Air travel demand remained sharply down in November, IATA’s latest industry statistics show, as resurgent Covid-19 cases and renewed travel restrictions battered passenger confidence.
Demand as measured by revenue passenger-kilometres fell 70.3% in November compared with a year earlier, a similar decline to the 70.6% fall recorded in October.
Capacity in the month was down 59% annually, while load factors declined by 23 percentage points to 58%, a record low for the month.
International services were hardest hit, falling 88% against a year earlier, with capacity cut 77%.
Even domestic demand, which has been seen as a relative bright spot for the industry, declined 41% on the previous year. Capacity was down 27% and load factors fell by 15.7 percentage points to 66.6%.
The only glimmers of hope were in China, where domestic traffic as measured by RPKs fell only 4.8%,. Domestic Russian traffic was down 23%. In all other regions domestic demand declined by more than a third, including a 60% fall in the USA.
“The already tepid recovery in air travel demand came to a full stop in November,” states IATA director general Alexandre de Juniac. “That’s because governments responded to new outbreaks with even more severe travel restrictions and quarantine measures.”

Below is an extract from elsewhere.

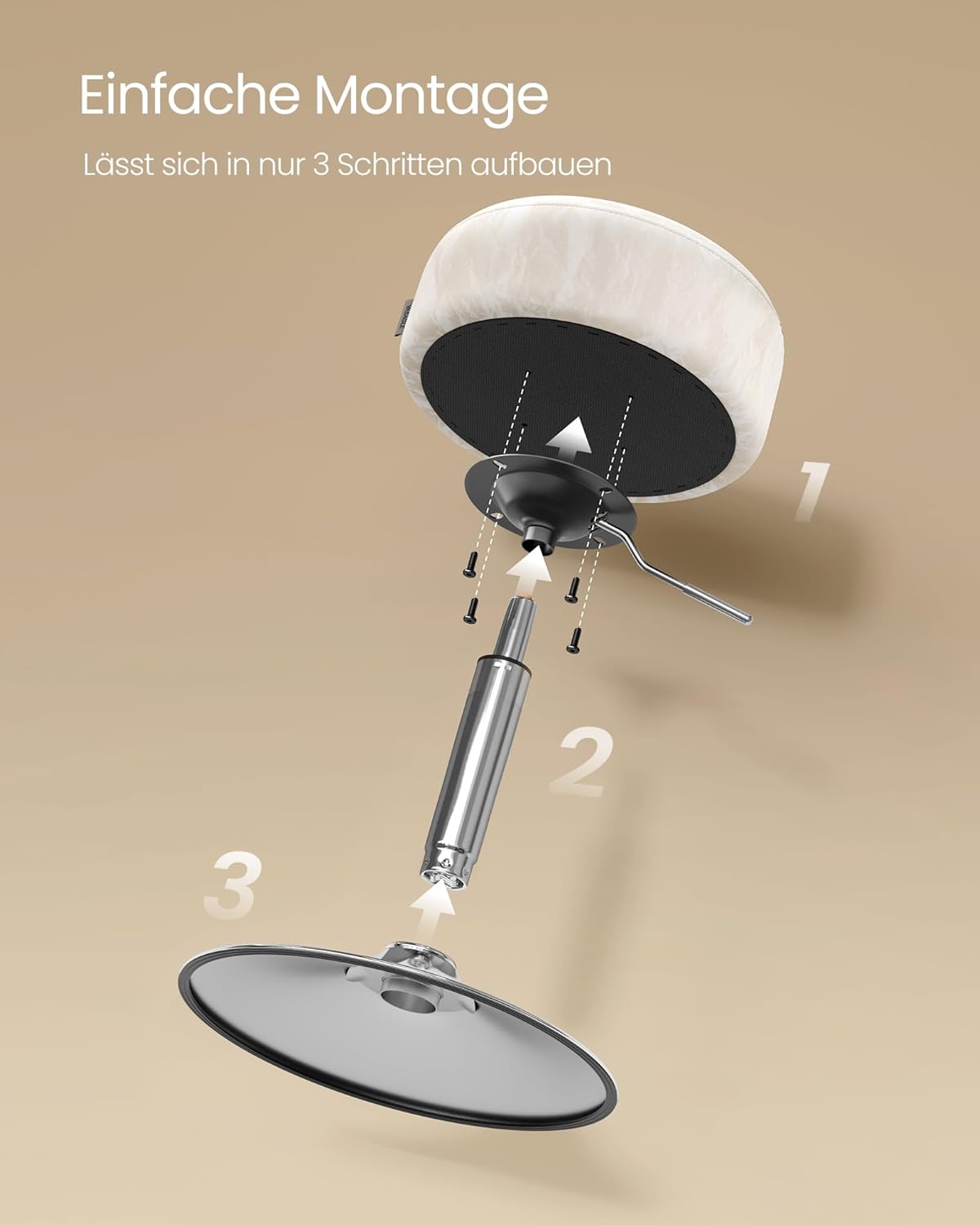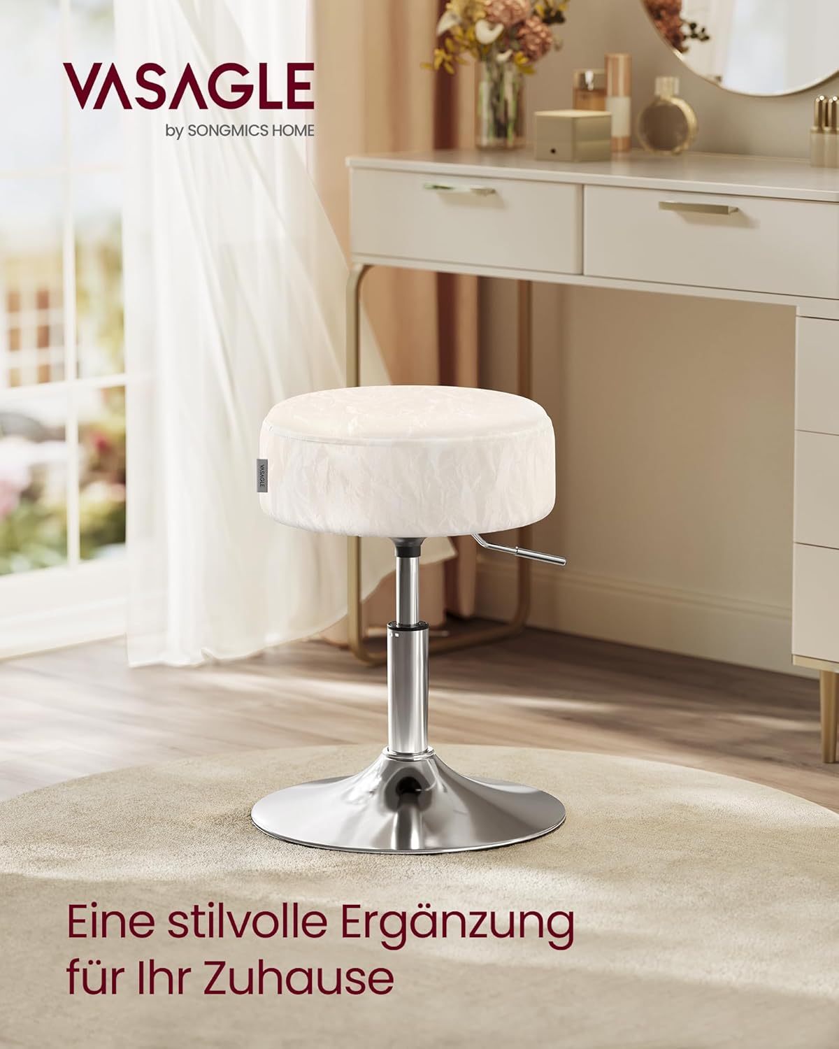 VASAGLE stolica za šminkanje, barska stolica, podesiva visina, okretna za 360°, krem-bijela
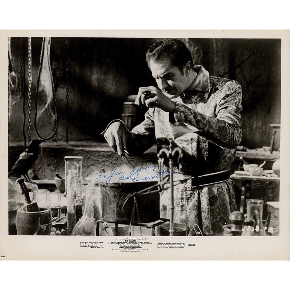 Glossy 10.25 x 8 American International publicity photo of Price as Dr. Erasmus Craven in the 1963 gothic horror film The Raven, signed and inscribed in blue ink, "For Jim, all my best, Vincent Price." In fine condition, with scattered small creases.

He adds: “This is clearly inefficient. Such measures increase hardship for millions. Vaccines offer the long-term solution. In the meantime, testing is the best way that we see to stop the spread of the virus and start the economic recovery.”
In international markets, Asia-Pacific showed the greatest yearly decline in passenger traffic, with RPKs down 95% from November 2019 levels, with capacity cut by 87% and load factors falling to 31.6%. Passenger traffic fell by 87% in Europe and 83% in North America.